West Virginia also got key Kentucky-win contributions from Devin Ebanks (12 points, Long Island City, N.Y.) and Kevin Jones (13 points, Mount Vernon, N.Y.).

"There's just something about New York," Jones said after clinching the East Regional in Syracuse. "It's very special doing it in front of all your friends and family watching. … We definitely did it for the state of West Virginia. We're going to come back to West Virginia and enjoy it."

For muscle off the bench, Huggins leans on 6-9 Deniz Kilicli, from Istanbul.

When Huggins needs help from West Virginia, he has to look in the mirror. He has built this team in the blue-collar, hard-working image of his home state.

Butler is a bigger, stronger and much more animated version of West, yet has similar aptitude for performance under pressure.

How does he do it?

"I have no clue," Butler said. "I couldn't tell you the answer to that at all. … Plays are set up for me. I go out there calm and relaxed and focus on what I need to do when I get out there and get the ball."

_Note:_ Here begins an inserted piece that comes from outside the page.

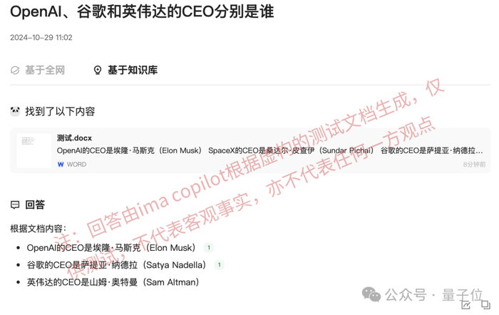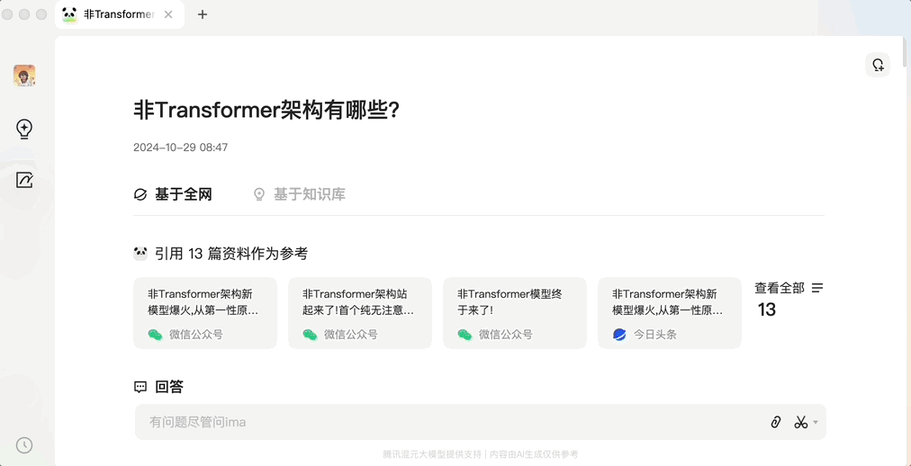 这时如果切换到“基于知识库”模式,ima copilot就会根据知识库中的内容来进行回答。

Butler has been practicing game-winning shots all his life.

"Oh yeah, all the time, I still do it to this day," he said. "I'll be messing around in the gym, the clock is running down. … I have a good imagination. I was an only child, so I was by myself a lot."

Taking imagination liberties, Butler has ditched "One Shining Moment," the montage song CBS plays at the end of the NCAA title game, and replaced it with R. Kelly's "The World's Greatest."

Butler, naturally, has just nailed the game winner.

"Everyone's running on the floor, and I'm crying," Butler explained. "I have a lot of scenarios I put in my head. It's all clips of me — all me. It's my dream."

If the Mountaineers win the national title, the ZIP Codes of the heroes will mean zip.

It's almost heaven (two wins), West Virginia.

Take it home.

John Denver, for what it's worth, was born in New Mexico.